Suriname - Country history and economic development

1667. By the Treaty of Breda, England cedes Dutch Guiana (now Suriname) to the Netherlands in exchange for New Amsterdam (later New York City); Dutch colonization and plantation settlement begins.

1799-1815. Britain controls Dutch Guiana during the Napoleonic wars.

1863. Slavery is abolished.

1954. Suriname becomes internally autonomous (with foreign affairs and defense still controlled from the Netherlands).

1975. With independence from the Netherlands, Suri-name becomes a republic under a new constitution.

1980. A military coup ejects the civilian government of Henck Arron and suspends the constitution, replacing it with a government by Lieutenant-Colonel Deysi Bouterse's National Military Council.

1982. The so-called "December Bloodbath" occurs in which 15 critics of the junta are murdered.
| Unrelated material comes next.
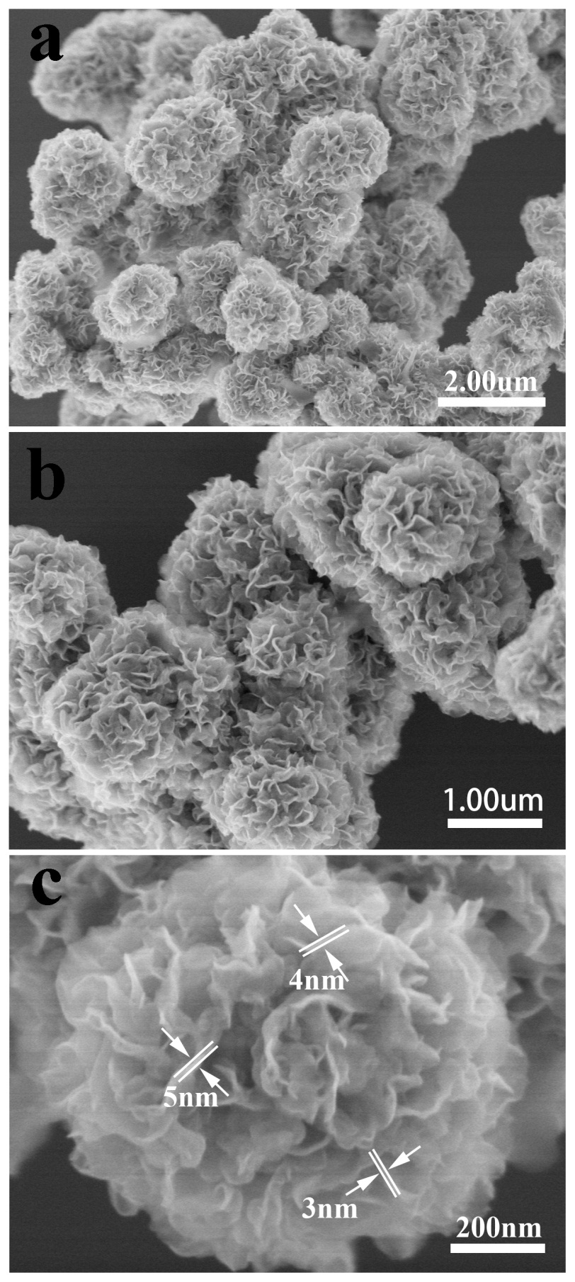 氢气是一种清洁燃料,由于其高热值和环境友好性,未来将被视为传统化石燃料的潜在的替代品。电催化析氢反应(HER)是生产氢的最重要的方法之一,可以有效地储存来自太阳能等可再生能源的能量,但受到Pt基贵金属催化剂的天然稀缺性和高成本的限制。因此,越来越多的科研工作者注意到非Pt阴极催化剂。近年来,基于MoS2的电催化剂由于其低成本以及与Pt相似的氢原子结合能,具有高的HER活性,引起了人们的关注。然而,MoS2纳米片易于团聚,导致活性位点的减少和催化性能的降低。因此,本文通过CS2辅助水热法成功制备了由二维MoS2纳米片构成的三维(3D)空心纳米球,“钼进入反应”机制可以得到了丰富的缺陷。由一系列少数几层的,缺陷丰富的MoS2纳米片构成的三维结构可以保持纳米片大量暴露的活性位点,并防止纳米片聚集,同时3D纳米结构有利于电解液渗透的介孔,故具有优异的催化性能。

Dutch aid suspended.

1988. Elective government is restored.

1990. Deysi Bouterse stages another military coup.

1991. Elections are held, but no party carries the required two-thirds majority of seats, so parliament chooses Ronald Venetiaan, a former education minister, as president.

1992. Deysi Bourtese resigns as army chief.
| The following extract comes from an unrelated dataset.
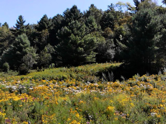 This is the mountain I’d used as navigation between Richford and Sutton. This is the mountain that I could see WAY off in the distance from Saint-Armand. This is the mountain that I can see from the N.Sheldon Rd. Here I was, just about at le pinacle de LE PINACLE! I’d WALKED UP THE MOUNTAIN! If I hadn’t been SO dehydrated and hungry and soaked-through with sweat, I’d’ve been SINGING AT THE TOP OF MY LUNGS! (Oddly enough, I hadn’t even listened to any music all day today. Usually I have the Québec country music blaring in one ear. Not today, for some reason. Today was for Peace.) WELL! My spirits lightened quite a bit with the awe-inspiring views from up there… off toward Sutton, and down into VT. AND… my mood lightened to think: Once at the top, the mountain HAS to go DOWN! And so, I got to the point where indeed, the road stopped climbing and began descending! It was just about at this point where the hunger started to take hold too. I was feeling at the point of just giving up and giving in when… would you believe? JUST as in my past, on the long, LONG journeys I’ve taken (including the 25mi. hike to the market on my birthday in Roosa Gap)… APPLES! RIGHT THERE AT THE ROAD-SIDE! APPLES! So, I stopped, grabbed 5, put them into the little blue zip lunch bag on the handle bars and, as I coasted DOWN le Pinacle, I ate… 4 of them! And what a differnce they made in my over-all and general being! It’s strange as I thought then and think now:This sort of shit happens to me many times through-out my life-time. I’m out, walking, alone, tired, dehydrating, hungry, tired, exhausted and just as I’m at the brink… an apple tree, a berry bush… something, growing wild, there to “help”. I’ve never understood it. It’s always made me stop to wonder… Who? How? Why? But even in The Bronx! In NYC! Berry bushes. Mulberry trees. In Tilden: beach plums (I’m missing them this year). Squash.

1994. Bread riots occur in Paramaribo.

1996. Elections are held; again no party carries the required two-thirds majority of seats, so parliament selects Jules Wijdenbosch as president and forms a 5-party coalition.

1997. The Dutch government again suspends aid after Suriname refuses to extradite Deysi Bouterse, indicted in the Netherlands on drug charges.

2000. President Wijdenbosch resigns in face of mounting crises and mass demonstrations; new elections are called; with no party able to command a two-thirds majority, parliament selects Ronald Venetiaan as president.